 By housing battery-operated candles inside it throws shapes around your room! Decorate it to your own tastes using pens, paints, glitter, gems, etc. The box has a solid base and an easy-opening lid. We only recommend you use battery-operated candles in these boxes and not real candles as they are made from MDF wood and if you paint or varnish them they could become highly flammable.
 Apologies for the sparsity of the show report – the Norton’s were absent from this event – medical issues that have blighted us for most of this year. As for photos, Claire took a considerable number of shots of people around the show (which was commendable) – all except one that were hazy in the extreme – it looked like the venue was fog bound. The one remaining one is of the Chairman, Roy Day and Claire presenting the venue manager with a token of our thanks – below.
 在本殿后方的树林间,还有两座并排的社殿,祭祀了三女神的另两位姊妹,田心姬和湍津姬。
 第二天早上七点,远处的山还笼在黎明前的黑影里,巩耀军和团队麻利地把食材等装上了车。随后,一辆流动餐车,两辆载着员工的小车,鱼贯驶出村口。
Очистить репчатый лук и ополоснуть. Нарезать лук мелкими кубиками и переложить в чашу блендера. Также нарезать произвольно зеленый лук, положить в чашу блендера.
* * *
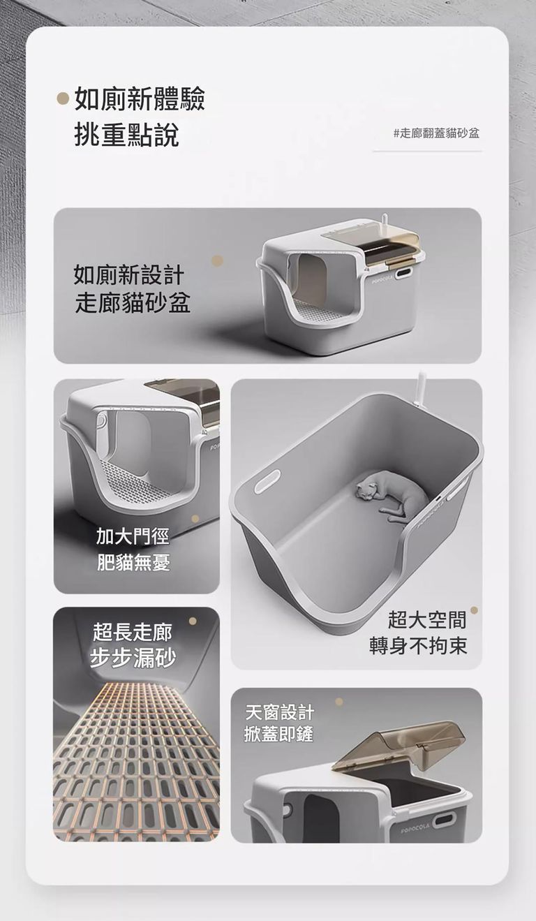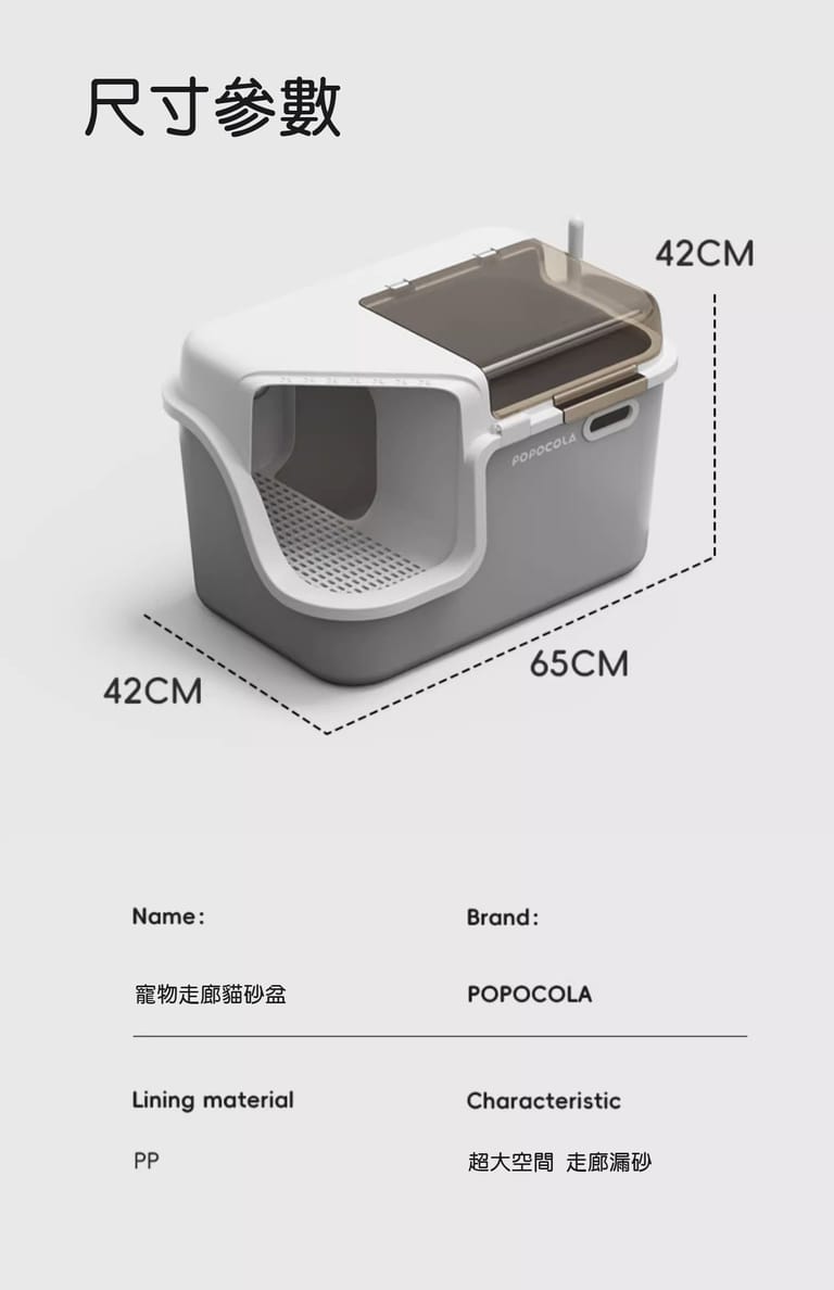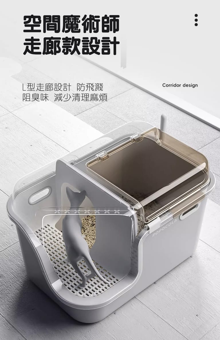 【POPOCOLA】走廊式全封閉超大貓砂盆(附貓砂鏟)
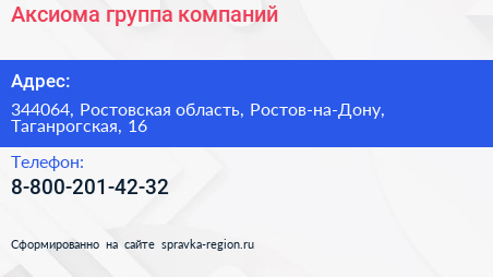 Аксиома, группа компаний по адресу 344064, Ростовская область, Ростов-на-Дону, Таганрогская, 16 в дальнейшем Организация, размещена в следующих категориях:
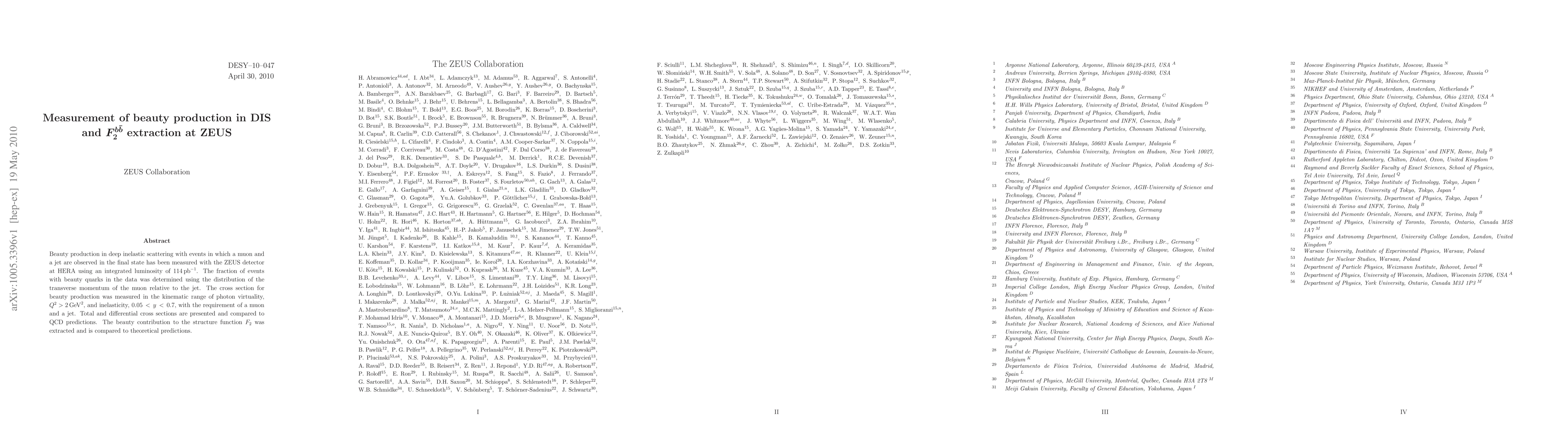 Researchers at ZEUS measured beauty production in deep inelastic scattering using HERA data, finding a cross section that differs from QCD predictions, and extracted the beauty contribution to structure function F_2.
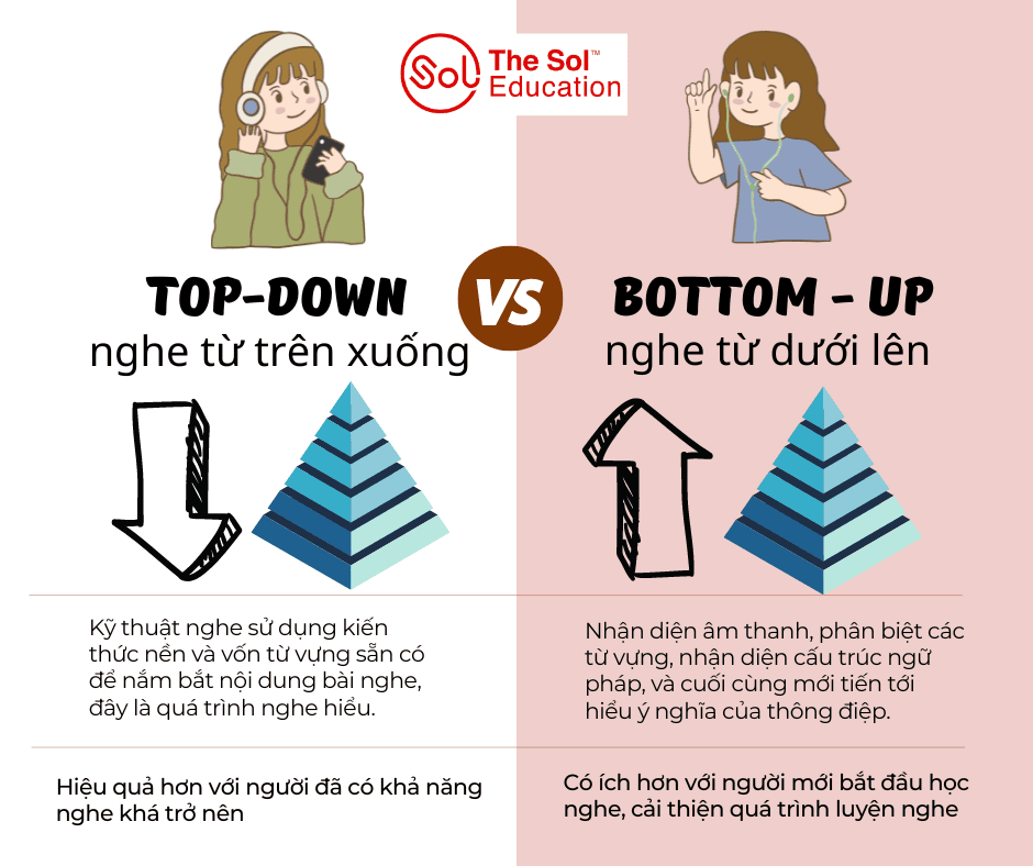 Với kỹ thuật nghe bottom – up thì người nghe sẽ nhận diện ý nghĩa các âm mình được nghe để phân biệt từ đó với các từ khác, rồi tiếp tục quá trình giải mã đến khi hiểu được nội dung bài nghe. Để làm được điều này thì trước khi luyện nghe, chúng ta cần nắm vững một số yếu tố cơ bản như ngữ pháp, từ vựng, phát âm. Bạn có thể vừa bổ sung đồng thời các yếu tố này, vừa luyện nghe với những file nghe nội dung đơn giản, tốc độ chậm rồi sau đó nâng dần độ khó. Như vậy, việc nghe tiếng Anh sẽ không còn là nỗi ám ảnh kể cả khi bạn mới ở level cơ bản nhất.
* * *
To do: Begin at the line above that has "第二天早上七点,远处的山还笼" and stop after the line that has "Очистить репчатый лук", copying each line exactly and adding nothing else.

Exercise output:
 第二天早上七点,远处的山还笼在黎明前的黑影里,巩耀军和团队麻利地把食材等装上了车。随后,一辆流动餐车,两辆载着员工的小车,鱼贯驶出村口。
Очистить репчатый лук и ополоснуть. Нарезать лук мелкими кубиками и переложить в чашу блендера. Также нарезать произвольно зеленый лук, положить в чашу блендера.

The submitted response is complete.